Happy Summer Solstice! And a little bit of Shakespeare
22nd June 2011
To celebrate the summer solstice, a little bit of Shakespeare to begin with today ...
"I know a bank where the wild thyme blows, Where oxlips and the nodding violet grows, Quite over-canopied with luscious woodbine, With sweet musk-roses and with eglantine: There sleeps Titania sometime of the night, Lull'd in these flowers with dances and delight;"
The play
These lines are spoken by Oberon in Act II of A Midsummer Night’s Dream. I love them – not just because they all about flowers, but because they are a magical incantation, because they summon up the imaginative energies within us and make our thoughts a source of excitement and inspiration. It is music without instruments, spoken melody. If that;s not a little piece of magic, what is!
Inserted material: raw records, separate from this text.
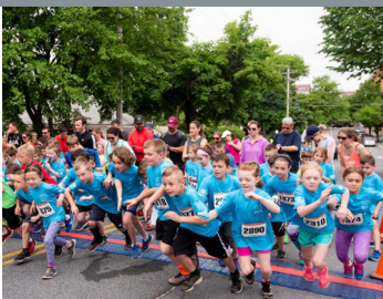
Cantina Kids Fun Run June 5, 2022
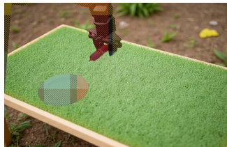
Grasps and lifts
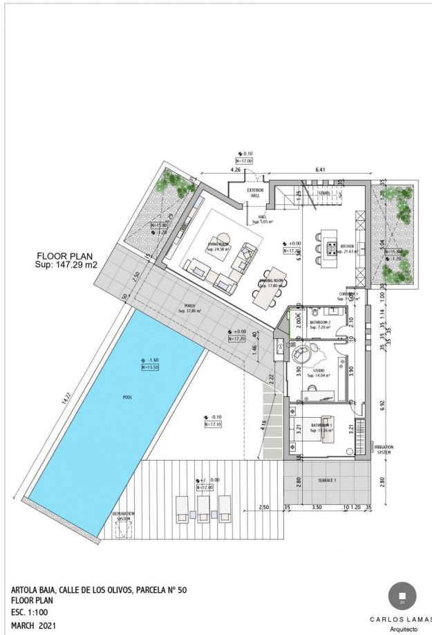
ARTOLA BAJA, CALLE DE LOS OLIVOS, PARCELA Nº 50 FLOOR PLAN ESC. 1:100 MARCH 2021
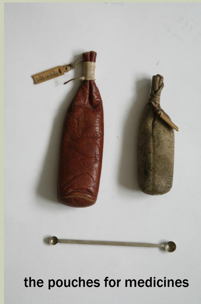
the pouches for medicines
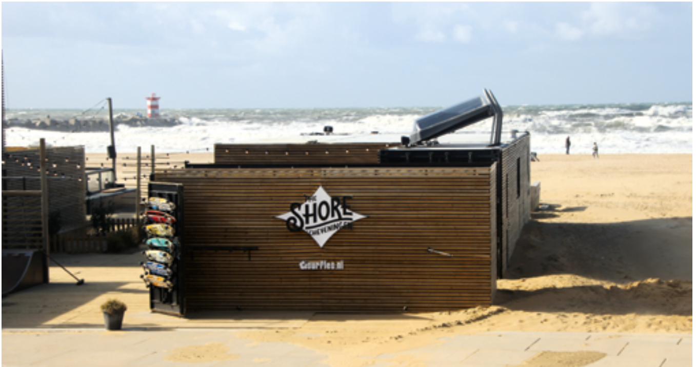
Scheveningen is the Dutch Surfer's Paradise where the citizens and visitors enjoy the clean air and the waves.
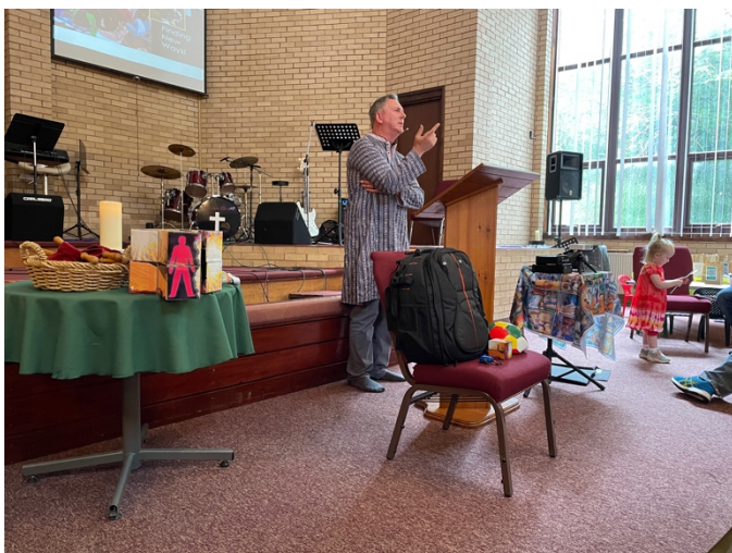
Speaking in the United Kingdom
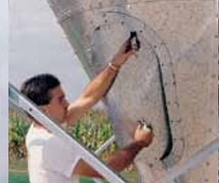
Optional ACCESS PLUS® Hopper Access Door (patented)
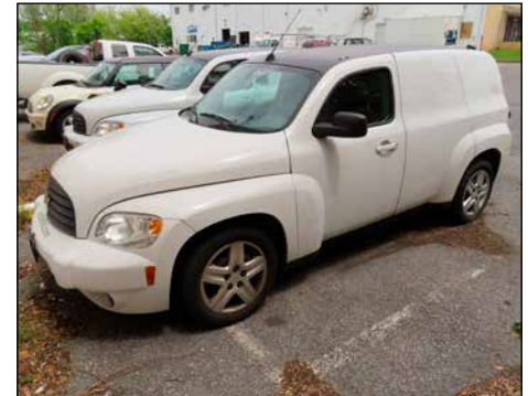
CHEVY HHR SEDAN
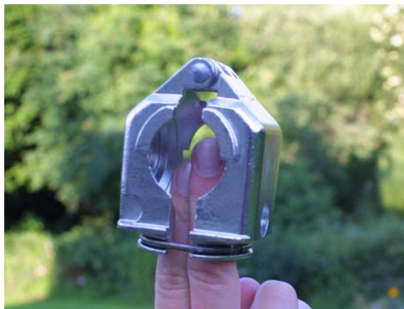
The unique bak-rak 'Clam Shell' which allows for all sorts of units to be easily installed

When the winch mount is installed, a ready made up for the vehicle wiring harness is supplied with quick disconnect fittings.
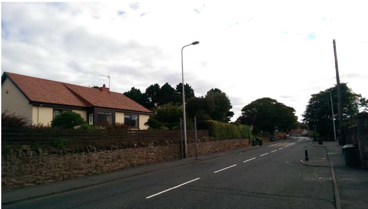
Belhaven Road looking west towards trees.
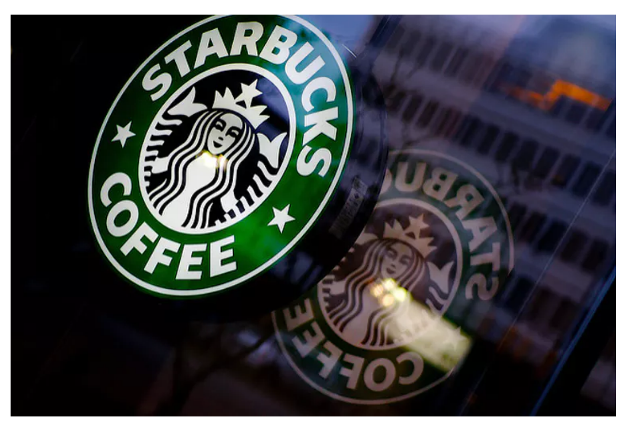
Reflecting on new tax arrangements for business.

Personally, I am not bothered that Amazon or Starbucks do not "pay their fair share". Indeed, I believe they have a fiduciary responsibility to their shareholders to pay only what the law requires and not a penny more. Demanding they do otherwise is an assault on the very concept of the rule of law and seems vaguely fascistic.
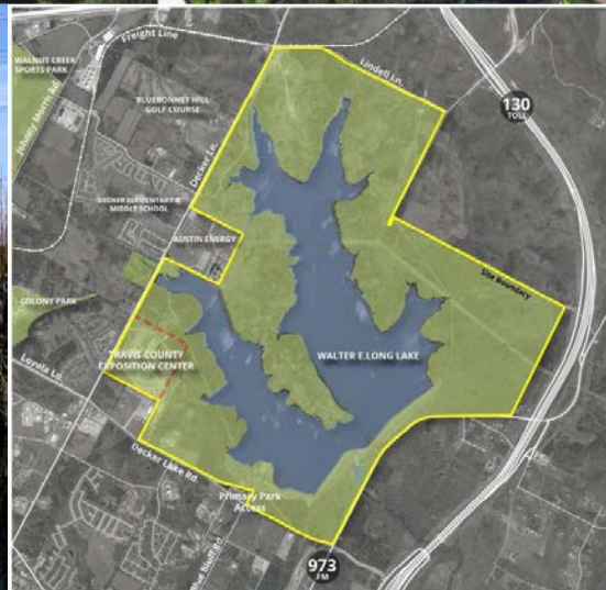
Walter E. Long Metro Park is regionally renowned for its beautiful lake with its surrounding natural resources, and also as an outstanding fishing location.

This great dramatic masterpiece of the Elizabethan stage was written around 1594-96 and portrays the adventures of four young lovers and a collection of amateur actors thrown together in an enchanted wood during the course of one extraordinary night at mid-summer. Here, they are observed by various supernatural beings, including the fairy king and queen, Oberon and Titania, and the mischievous sprite Puck.
Vivien Leigh as Titania.
Flowers
All in all, there is much ado with flowers in this amazing nocturnal, romantic fantasy. Flowers are probably mentioned almost as often as people. And if you have ever been fortunate enough to have seen an outside performance, at dusk at mid-summer, it makes for a memory that can never be erased. The humble pansy, meanwhile, (love-in-idleness in the play) never had such powers to awaken our fascination as here, as with these words in which Oberon sets the plot that will, in time, lead everyone such a merry dance:
"That very time I saw, but thou couldst not, Flying between the cold moon and the earth, Cupid all arm'd: a certain aim he took At a fair vestal throned by the west, And loosed his love-shaft smartly from his bow, As it should pierce a hundred thousand hearts; But I might see young Cupid's fiery shaft Quench'd in the chaste beams of the watery moon, And the imperial votaress passed on, In maiden meditation, fancy-free. Yet mark'd I where the bolt of Cupid fell: It fell upon a little western flower, Before milk-white, now purple with love's wound, And maidens call it love-in-idleness. Fetch me that flower; the herb I shew'd thee once: The juice of it on sleeping eye-lids laid Will make or man or woman madly dote Upon the next live creature that it sees."
Pansy - Love-in-Idleness.
The ‘fair vestal throned by the West’ is no doubt a diplomatic nod to the Virgin Queen Elizabeth. But here, in Oberon's description, the arrow of Cupid has missed it‘s target. (as many did, of course). She would have smiled at that, for sure.